Kesişmeyen noktalarda ise bireysel projelerime yöneliyorum. Bu negatif bir söylem olarak algılansın istemem. İkimiz de bunun doğal bir şey olduğunun farkındayız. Birbirimize yapmak istemediğimiz şeyleri zorla yaptırmaktansa, bireysel çalışmalara yönelmek çok daha sağlıklı ve uzun ömürlü bir yaklaşım.
Daft Punk, Deadmau5, Marshmello gibi prodüktörlerin de popülerleştirdiği ve elektronik müzik dünyasında görece yaygın olan maske kullanma fikrini benimsedin Moawk projende. Türkiye’de bildiğim kadarıyla bu tarzı ilk kullanan sen oldun. Maske ve müziğin arasında bir bağ kuruyor musun yoksa sadece daha akılda kalıcı bir tarzı mı kullanmak istedin?
Aslında Türkiye’de bu alanda ilk değilim. Bildiğim kadarıyla maske takarak, kimliğini gizleyerek müzik üreten epey sanatçı var. Ama beni etkileyen bir numaralı isim Deadmau5 oldu. Daft Punk ve Marshmello da üstüne iyice bu fikri pekiştirmemi sağladı.
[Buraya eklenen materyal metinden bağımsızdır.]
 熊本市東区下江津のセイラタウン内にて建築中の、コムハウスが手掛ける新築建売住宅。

Elektronik müzik dünyasında bu tarz bir ‘karakter yaratma’ akımı ilk günlerden beri mevcut. Altında epey felsefi fikir yatanı da var, sırf eğlencesine yapanı da. Benim için de altında yatan bazı düşünceler var. Ama epey eğlenceli olduğunu da belirtmeliyim. Daha akılda kalıcı bir karakter olacağını da düşünmüştüm elbette. Yani hepsinden biraz var diyebilirim.
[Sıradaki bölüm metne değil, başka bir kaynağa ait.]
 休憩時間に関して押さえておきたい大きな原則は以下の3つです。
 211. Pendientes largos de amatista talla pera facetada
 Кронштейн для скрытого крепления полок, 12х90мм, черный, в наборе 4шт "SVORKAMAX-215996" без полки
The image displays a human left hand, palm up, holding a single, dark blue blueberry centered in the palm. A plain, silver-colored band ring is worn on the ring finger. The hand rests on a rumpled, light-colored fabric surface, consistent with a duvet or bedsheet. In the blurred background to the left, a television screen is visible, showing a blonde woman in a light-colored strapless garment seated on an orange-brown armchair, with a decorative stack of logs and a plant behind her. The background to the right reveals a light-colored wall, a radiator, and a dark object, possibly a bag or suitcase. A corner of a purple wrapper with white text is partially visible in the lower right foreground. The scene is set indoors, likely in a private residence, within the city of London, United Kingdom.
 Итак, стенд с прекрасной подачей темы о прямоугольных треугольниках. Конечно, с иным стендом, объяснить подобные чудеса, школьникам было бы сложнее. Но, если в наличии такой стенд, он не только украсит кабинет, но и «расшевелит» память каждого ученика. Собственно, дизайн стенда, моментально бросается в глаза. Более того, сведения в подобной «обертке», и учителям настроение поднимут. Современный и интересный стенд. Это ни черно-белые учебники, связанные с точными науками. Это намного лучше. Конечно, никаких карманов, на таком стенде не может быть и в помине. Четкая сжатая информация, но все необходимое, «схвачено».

Son olarak seni biraz daha farklı yönlerinle de tanımak isteriz müzik dışında neler var hayatında ya da müzik hayatının ne kadarında yer alıyor? Ayrıca karantina günlerini nasıl geçirdin yaşadığımız bu pandemi yılı sana neler hissettirdi müziğine yansıyan etkileri oldu mu?
Kendimle ilgili çocukluğumdan beri bir hayalim oldu. Gençliğimde müzisyen, orta yaşlarımda yönetmen, yaşlılığımda da yazar olmak istedim hep. Sinema okudum, gençliğimi müzisyen olarak geçiriyorum, bol bol okuyup yazmaya da çalışıyorum. Bu hayallerime erişir miyim bilmiyorum ama zaten asıl amaç da bu yolda mümkün olduğunca ilerlemek.
Karantina günlerinde müzikle epey haşır neşirdim. Albüm sonrası biraz boşladım ve oyunlar oynayıp, YouTube’da videolar izlemeye fazla zaman ayırıyorum. Ancak bu kısa sürecek zira DKTT ile epey hareketli bir dönem bizi bekliyor. Pandemi yılı elbette müziğime etki etmiştir. Kariyerime ettiği kesin ama müziğime olan etkisini biraz zaman sonra geri dönüp baktığımda fark ederiz diye düşünüyorum.